● PROBLEM DESCRIPTION:
Could you copy exactly the lines below from the one with "Trailers can be" to the one with "일반 식빵 별로 안 좋아하는데", inclusive, leaving out any pictures?

● AVAILABLE RECORDS:

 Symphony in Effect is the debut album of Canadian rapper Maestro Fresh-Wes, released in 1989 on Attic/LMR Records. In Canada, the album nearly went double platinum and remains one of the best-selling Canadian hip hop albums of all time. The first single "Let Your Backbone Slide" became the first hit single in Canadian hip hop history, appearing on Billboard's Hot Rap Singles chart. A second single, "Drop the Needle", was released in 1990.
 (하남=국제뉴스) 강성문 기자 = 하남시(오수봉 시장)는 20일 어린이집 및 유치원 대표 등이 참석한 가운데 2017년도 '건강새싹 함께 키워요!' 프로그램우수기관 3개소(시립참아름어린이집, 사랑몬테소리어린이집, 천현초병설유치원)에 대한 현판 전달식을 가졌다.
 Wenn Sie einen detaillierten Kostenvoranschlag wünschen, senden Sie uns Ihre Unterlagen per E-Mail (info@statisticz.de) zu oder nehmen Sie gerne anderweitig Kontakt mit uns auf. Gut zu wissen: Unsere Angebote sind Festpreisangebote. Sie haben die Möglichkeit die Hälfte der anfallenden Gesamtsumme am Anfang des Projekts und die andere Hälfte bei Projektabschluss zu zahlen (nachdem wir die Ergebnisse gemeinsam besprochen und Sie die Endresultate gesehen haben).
--
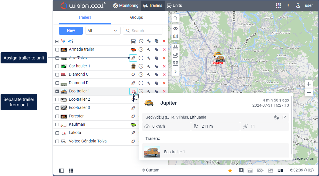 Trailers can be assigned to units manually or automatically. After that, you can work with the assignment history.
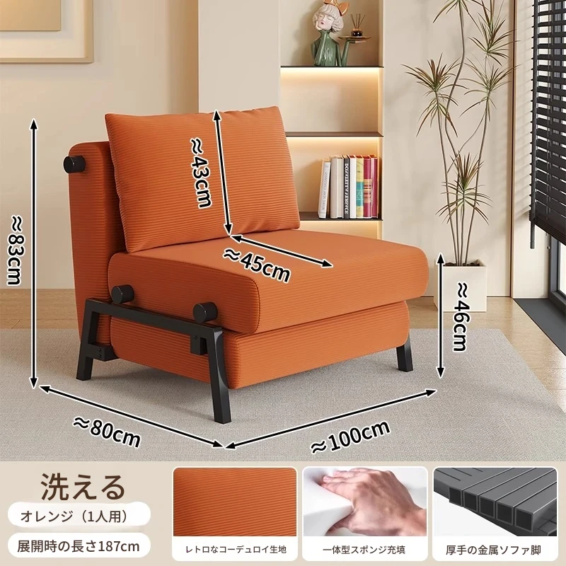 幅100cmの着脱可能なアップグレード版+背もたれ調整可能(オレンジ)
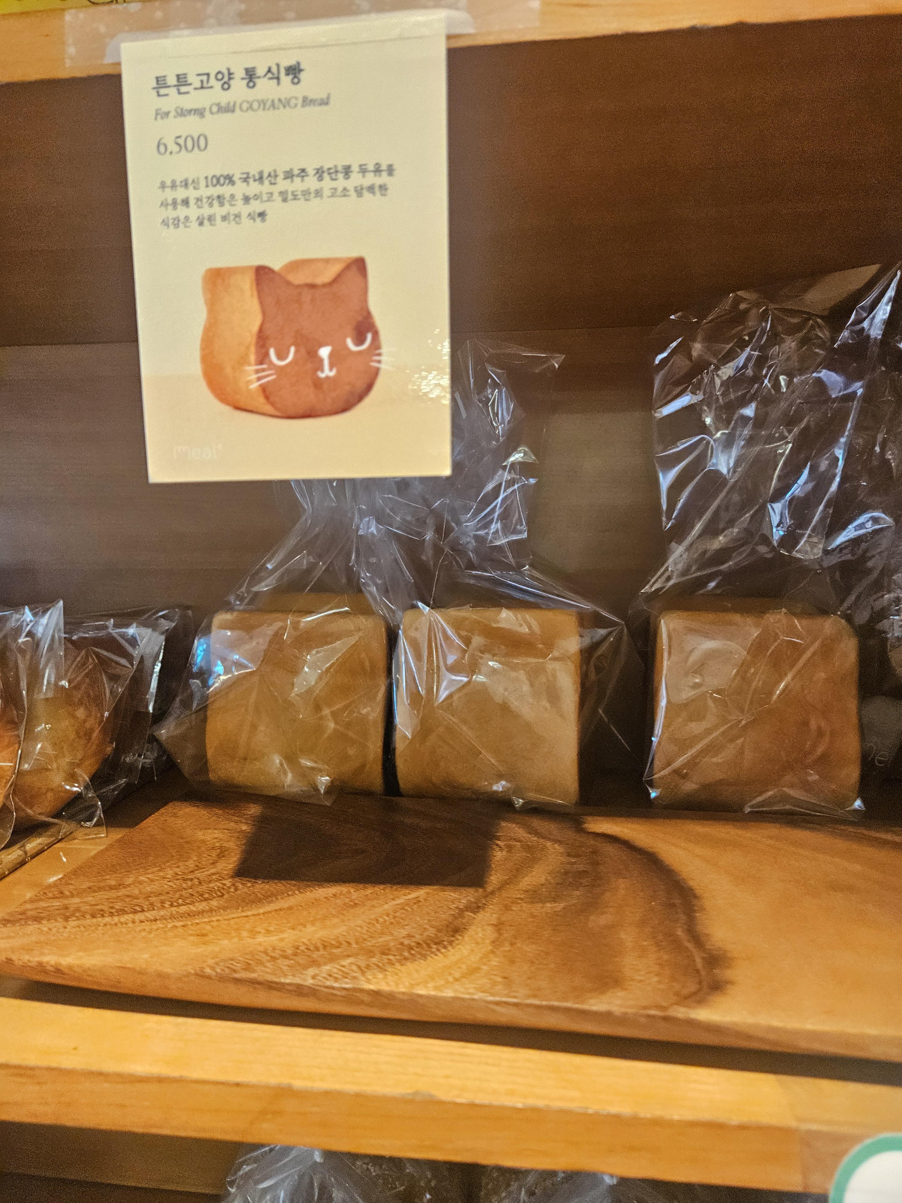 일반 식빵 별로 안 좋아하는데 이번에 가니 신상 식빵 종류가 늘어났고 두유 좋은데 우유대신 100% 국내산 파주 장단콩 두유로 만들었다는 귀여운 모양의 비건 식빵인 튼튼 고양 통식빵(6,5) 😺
...
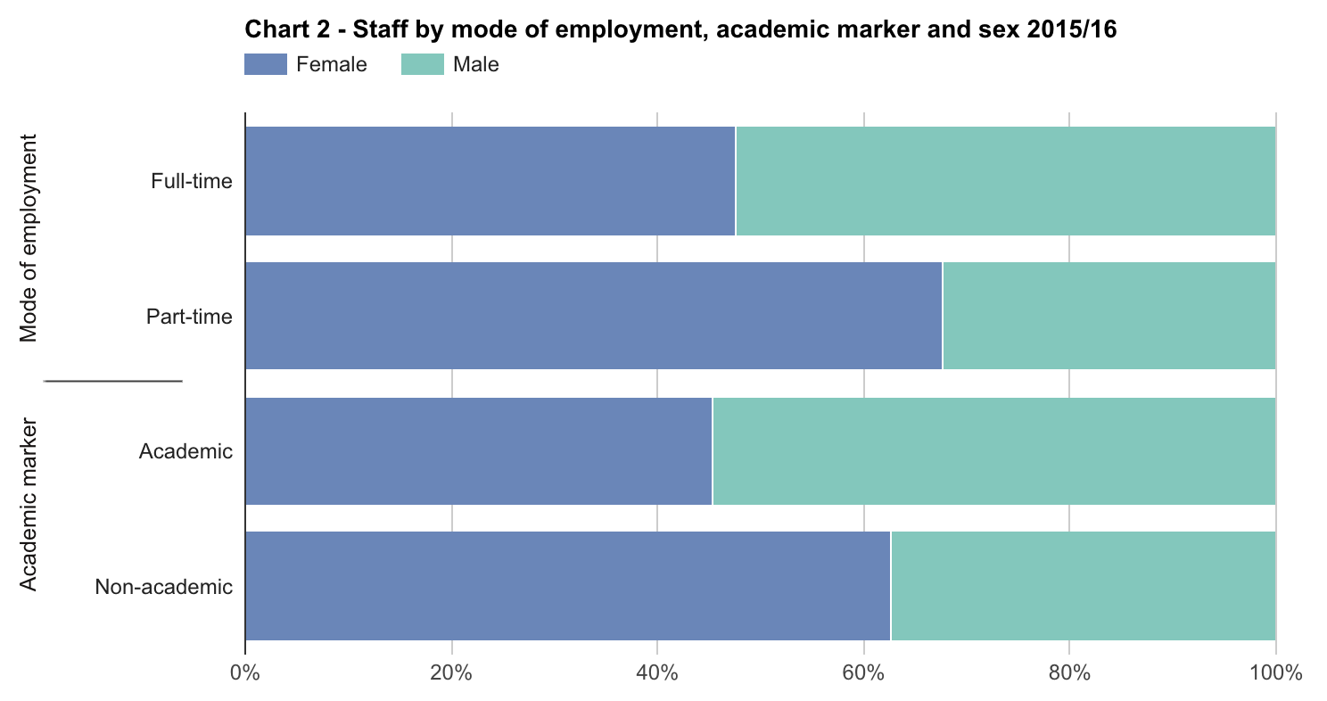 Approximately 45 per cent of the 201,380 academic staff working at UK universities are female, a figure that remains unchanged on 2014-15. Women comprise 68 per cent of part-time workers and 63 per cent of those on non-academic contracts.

● EXERCISE SOLUTION:
 Trailers can be assigned to units manually or automatically. After that, you can work with the assignment history.
 幅100cmの着脱可能なアップグレード版+背もたれ調整可能(オレンジ)
 일반 식빵 별로 안 좋아하는데 이번에 가니 신상 식빵 종류가 늘어났고 두유 좋은데 우유대신 100% 국내산 파주 장단콩 두유로 만들었다는 귀여운 모양의 비건 식빵인 튼튼 고양 통식빵(6,5) 😺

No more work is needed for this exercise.